Padahal, faktanya mereka dengan daya tahan tubuh yang rendah harus menjadi perhatian, karena tidak menutup kemungkinan anggota keluarga usia produktif yang ada di sekitarnya, berpotensi menularkan virus yang dibawa dari hasil aktivitas dari luar rumah dimana dapat berujung fatal ketika kelompok lansia melakukan kontak fisik.
Akselerasi Kebijakan
Pakar kebijakan publik Universitas Hasanuddin, Deddy T. Tikson memandang perlu adanya akselerasi kebijakan dari pemerintah khususnya di daerah untuk meningkatkan cangkup vaksinasi untuk kelompok lansia, mengingat mereka juga mempunyai peranan dalam pencapaian target herd immunity nasional.
Menurutnya, langkah awal yang bisa diambil adalah memastikan terlebih dahulu data jumlah lansia di tiap daerah, setelah itu baru menghitung jumlah vaksinator atau petugas vaksin dalam satu daerah.
“Jika kemudian jumlah vaksinator cukup, maka bisa dengan cara mobile atau dengan cara didatangi satu per satu di rumah. Jika tidak, maka pemerintah daerah bisa mengadakan vaksinasi dalam skala kelurahan atau bahkan RW/RT khusus untuk lansia dengan jadwal yang sudah direncanakan sebelumnya,” terangnya.
Selanjutnya untuk menghindari adanya kerumunan saat vaksin, dapat dibuatkan penjadwalan khusus untuk perorangan dengan menggunakan sistem nomor antrian yang didalamnya memuat jadwal vaksin. Sehingga para lansia yang vaksin hanya datang di hari dan jam yang telah ditentukan.

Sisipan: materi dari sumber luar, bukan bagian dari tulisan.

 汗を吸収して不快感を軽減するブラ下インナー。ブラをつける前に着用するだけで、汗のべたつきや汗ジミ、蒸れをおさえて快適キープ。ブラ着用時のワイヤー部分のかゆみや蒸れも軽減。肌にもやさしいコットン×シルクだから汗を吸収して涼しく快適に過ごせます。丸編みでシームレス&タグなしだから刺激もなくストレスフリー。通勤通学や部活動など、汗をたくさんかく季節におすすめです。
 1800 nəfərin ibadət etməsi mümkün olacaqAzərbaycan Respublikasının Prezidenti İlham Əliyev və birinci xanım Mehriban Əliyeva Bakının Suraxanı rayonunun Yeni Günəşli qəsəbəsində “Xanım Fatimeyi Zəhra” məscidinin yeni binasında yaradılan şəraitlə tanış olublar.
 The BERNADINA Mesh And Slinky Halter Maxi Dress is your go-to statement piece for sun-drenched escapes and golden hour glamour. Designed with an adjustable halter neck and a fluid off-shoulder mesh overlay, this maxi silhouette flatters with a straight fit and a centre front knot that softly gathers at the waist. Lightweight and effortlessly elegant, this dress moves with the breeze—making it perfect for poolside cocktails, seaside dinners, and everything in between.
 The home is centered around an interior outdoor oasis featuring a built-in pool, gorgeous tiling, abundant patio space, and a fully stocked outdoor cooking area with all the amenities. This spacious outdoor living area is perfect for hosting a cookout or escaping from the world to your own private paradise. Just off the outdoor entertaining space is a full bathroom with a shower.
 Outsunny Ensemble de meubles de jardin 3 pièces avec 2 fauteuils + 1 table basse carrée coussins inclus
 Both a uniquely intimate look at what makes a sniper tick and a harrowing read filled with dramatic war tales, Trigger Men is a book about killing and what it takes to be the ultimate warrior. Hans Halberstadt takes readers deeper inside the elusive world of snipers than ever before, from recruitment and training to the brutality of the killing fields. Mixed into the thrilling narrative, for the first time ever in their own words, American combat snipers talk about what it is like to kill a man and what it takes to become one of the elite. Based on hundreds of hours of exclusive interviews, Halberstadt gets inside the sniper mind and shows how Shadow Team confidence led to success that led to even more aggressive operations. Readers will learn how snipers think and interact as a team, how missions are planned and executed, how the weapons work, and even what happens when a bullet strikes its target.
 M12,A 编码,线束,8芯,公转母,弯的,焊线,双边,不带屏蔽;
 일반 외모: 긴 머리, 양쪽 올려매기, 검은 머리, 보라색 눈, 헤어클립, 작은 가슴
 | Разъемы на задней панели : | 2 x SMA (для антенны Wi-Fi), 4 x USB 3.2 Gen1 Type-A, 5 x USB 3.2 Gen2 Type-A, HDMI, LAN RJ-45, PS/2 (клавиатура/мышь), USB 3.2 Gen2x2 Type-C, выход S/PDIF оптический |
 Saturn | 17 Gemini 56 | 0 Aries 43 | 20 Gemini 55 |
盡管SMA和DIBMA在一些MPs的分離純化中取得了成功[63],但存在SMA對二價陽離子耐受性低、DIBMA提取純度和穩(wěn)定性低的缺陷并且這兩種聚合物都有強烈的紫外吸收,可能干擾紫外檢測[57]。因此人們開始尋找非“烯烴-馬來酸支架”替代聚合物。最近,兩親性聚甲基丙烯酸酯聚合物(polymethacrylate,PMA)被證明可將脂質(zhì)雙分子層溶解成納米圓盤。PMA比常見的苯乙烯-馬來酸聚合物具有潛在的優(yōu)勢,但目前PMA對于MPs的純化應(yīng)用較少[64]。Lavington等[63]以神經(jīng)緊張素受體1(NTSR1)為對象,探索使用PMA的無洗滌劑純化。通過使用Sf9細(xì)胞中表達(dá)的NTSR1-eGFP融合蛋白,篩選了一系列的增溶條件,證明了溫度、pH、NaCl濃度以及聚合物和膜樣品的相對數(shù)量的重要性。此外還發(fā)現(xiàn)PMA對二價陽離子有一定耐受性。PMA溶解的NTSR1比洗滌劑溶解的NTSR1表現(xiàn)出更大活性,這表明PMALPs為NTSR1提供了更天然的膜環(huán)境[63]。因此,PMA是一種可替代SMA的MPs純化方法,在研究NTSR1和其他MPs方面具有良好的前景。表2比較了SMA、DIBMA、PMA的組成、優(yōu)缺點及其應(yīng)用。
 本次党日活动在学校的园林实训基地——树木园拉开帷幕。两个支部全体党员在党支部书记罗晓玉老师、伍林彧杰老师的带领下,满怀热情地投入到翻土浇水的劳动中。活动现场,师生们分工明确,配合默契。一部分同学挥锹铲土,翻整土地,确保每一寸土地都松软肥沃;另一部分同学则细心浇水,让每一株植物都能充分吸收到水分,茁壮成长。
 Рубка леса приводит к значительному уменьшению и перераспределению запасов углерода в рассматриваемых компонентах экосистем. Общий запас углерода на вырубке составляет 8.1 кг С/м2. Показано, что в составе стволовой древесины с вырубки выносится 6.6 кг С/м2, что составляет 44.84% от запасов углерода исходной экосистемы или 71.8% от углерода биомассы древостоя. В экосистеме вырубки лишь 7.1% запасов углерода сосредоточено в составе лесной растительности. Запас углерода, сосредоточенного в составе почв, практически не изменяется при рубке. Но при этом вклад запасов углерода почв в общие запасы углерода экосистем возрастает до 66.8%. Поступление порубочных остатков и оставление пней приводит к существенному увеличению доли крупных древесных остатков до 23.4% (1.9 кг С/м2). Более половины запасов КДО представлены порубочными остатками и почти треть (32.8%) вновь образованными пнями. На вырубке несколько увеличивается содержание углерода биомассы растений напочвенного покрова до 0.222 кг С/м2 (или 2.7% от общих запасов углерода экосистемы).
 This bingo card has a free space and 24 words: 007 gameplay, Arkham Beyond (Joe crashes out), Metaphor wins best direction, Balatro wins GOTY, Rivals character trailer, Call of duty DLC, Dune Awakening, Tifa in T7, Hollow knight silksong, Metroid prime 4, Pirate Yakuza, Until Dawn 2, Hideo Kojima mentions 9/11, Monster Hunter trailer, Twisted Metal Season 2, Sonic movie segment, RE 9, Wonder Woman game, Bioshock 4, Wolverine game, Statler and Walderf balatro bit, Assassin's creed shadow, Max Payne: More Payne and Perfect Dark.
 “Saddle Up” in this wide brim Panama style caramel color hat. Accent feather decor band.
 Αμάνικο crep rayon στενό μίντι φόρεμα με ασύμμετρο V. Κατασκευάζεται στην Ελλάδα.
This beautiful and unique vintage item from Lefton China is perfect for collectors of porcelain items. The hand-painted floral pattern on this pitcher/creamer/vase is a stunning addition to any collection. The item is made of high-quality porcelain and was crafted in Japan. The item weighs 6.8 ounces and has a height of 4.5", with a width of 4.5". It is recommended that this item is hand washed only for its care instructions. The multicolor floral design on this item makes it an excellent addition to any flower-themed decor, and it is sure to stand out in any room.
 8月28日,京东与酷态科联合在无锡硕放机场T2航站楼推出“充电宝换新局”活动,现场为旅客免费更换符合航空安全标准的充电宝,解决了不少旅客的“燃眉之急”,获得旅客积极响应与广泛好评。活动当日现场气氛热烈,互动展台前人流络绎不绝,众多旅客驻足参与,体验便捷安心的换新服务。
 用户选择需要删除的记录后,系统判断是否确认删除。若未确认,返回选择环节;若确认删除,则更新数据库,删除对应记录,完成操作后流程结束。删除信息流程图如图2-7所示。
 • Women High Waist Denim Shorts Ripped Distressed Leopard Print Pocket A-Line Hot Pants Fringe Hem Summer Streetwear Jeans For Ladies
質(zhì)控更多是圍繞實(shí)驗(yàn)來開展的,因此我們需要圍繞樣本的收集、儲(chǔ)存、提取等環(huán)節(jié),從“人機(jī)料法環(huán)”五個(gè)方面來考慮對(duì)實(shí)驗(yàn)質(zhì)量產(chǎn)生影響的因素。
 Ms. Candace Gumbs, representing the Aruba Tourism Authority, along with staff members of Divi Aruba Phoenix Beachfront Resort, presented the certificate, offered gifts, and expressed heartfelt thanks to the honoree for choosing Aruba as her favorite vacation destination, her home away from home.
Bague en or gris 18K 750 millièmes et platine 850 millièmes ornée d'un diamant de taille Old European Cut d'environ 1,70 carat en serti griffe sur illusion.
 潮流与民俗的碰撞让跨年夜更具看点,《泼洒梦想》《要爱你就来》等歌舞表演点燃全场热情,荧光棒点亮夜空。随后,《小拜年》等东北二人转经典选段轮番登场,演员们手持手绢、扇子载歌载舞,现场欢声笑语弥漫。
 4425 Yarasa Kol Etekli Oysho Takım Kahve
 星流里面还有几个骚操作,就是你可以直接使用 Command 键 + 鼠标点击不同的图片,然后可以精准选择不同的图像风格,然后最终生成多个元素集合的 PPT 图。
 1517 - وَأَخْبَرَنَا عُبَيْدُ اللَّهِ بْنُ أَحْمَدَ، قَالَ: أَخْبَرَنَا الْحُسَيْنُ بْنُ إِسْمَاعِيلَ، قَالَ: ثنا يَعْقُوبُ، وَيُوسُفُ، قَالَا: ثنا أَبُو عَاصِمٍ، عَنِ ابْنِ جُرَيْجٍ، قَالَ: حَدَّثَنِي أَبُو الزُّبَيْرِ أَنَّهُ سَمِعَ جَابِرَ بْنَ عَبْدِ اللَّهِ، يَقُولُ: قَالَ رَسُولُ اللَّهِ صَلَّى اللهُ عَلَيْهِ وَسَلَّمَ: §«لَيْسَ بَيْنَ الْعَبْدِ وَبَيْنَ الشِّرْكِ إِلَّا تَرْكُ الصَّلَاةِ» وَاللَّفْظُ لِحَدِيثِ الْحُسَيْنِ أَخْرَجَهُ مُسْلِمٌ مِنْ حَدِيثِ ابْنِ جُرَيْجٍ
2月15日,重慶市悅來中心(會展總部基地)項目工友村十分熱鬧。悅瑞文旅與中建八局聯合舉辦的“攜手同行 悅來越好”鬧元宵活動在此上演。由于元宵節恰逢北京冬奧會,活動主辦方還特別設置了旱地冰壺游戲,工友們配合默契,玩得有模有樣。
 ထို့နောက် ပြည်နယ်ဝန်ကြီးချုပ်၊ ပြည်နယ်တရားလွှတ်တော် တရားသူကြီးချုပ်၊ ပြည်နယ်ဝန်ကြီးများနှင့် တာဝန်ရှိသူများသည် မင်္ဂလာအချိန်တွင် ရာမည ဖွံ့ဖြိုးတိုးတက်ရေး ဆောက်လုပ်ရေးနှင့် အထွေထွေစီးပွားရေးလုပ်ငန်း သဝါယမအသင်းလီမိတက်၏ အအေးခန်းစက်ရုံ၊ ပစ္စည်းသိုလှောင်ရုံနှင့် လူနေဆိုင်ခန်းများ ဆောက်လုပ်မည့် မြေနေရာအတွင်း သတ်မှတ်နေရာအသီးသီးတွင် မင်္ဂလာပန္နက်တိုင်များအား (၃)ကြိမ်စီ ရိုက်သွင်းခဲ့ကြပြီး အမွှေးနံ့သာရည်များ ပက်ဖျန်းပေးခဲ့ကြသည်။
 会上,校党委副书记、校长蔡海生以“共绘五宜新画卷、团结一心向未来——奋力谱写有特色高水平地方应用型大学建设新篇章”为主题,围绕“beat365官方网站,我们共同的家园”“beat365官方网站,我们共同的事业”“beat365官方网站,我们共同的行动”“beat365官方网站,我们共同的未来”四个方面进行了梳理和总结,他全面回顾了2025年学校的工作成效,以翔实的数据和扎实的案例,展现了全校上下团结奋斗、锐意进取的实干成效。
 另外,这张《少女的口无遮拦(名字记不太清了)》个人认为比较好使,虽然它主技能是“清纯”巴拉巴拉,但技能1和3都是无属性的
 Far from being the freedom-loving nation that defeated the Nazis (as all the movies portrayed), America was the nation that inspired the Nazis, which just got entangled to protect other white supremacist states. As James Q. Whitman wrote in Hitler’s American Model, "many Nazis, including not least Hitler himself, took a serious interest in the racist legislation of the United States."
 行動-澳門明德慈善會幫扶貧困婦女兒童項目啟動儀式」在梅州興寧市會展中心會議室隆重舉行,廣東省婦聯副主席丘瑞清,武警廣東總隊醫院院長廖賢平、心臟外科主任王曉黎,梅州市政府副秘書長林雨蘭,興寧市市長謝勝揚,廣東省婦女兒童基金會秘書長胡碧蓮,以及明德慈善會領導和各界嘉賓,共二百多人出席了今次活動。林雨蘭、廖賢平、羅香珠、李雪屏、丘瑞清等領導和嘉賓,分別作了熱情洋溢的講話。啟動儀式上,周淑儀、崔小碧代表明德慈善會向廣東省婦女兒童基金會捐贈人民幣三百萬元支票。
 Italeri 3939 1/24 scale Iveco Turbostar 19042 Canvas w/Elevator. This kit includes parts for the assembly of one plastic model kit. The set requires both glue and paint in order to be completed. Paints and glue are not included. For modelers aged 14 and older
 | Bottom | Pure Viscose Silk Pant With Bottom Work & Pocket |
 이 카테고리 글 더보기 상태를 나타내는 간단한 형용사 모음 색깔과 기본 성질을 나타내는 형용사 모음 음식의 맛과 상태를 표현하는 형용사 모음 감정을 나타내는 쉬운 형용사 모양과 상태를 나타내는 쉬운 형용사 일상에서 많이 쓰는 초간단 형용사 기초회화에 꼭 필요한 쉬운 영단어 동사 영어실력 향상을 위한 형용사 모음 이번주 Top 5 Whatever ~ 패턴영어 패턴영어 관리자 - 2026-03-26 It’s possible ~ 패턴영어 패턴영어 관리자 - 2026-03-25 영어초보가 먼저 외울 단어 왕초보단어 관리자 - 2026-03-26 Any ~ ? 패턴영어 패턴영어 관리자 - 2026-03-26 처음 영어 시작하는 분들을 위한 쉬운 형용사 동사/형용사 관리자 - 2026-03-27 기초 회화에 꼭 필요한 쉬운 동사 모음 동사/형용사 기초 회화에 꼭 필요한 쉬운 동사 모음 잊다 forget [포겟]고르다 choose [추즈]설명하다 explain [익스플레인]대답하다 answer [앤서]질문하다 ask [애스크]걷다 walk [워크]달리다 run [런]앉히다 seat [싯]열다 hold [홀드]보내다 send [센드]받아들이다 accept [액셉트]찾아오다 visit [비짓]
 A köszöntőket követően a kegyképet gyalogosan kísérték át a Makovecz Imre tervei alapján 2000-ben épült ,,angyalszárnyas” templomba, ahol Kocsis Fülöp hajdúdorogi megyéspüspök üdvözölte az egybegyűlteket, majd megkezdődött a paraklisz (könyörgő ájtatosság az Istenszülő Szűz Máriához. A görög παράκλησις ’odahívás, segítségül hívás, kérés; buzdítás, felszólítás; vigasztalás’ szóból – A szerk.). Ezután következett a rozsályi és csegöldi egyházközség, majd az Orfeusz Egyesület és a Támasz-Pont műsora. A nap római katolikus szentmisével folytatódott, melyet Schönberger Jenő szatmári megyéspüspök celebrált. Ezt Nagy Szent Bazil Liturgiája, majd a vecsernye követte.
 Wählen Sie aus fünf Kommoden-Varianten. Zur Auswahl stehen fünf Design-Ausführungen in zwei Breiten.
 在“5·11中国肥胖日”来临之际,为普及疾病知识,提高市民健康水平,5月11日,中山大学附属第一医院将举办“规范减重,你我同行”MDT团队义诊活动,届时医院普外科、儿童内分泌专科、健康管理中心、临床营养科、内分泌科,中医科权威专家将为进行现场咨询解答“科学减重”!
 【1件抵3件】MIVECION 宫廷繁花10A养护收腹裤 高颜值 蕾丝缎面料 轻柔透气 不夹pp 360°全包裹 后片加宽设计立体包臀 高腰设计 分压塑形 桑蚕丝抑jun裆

Ini penting karena akan sedikit sukar menggabungkan vaksinasi kelompok lansia dengan kelompok lain. Memperhatikan kondisi dan daya tahan tubuh mereka yang terkadang tidak mampu untuk mengantri saat vaksin, atau bahkan menempuh perjalan jauh ke lokasi vaksin. Sehingga tidak jarang membuat mereka akhirnya tidak melakukan vaksin, terlebih lagi ketika anggota keluarga di sekitar juga tidak mendukung.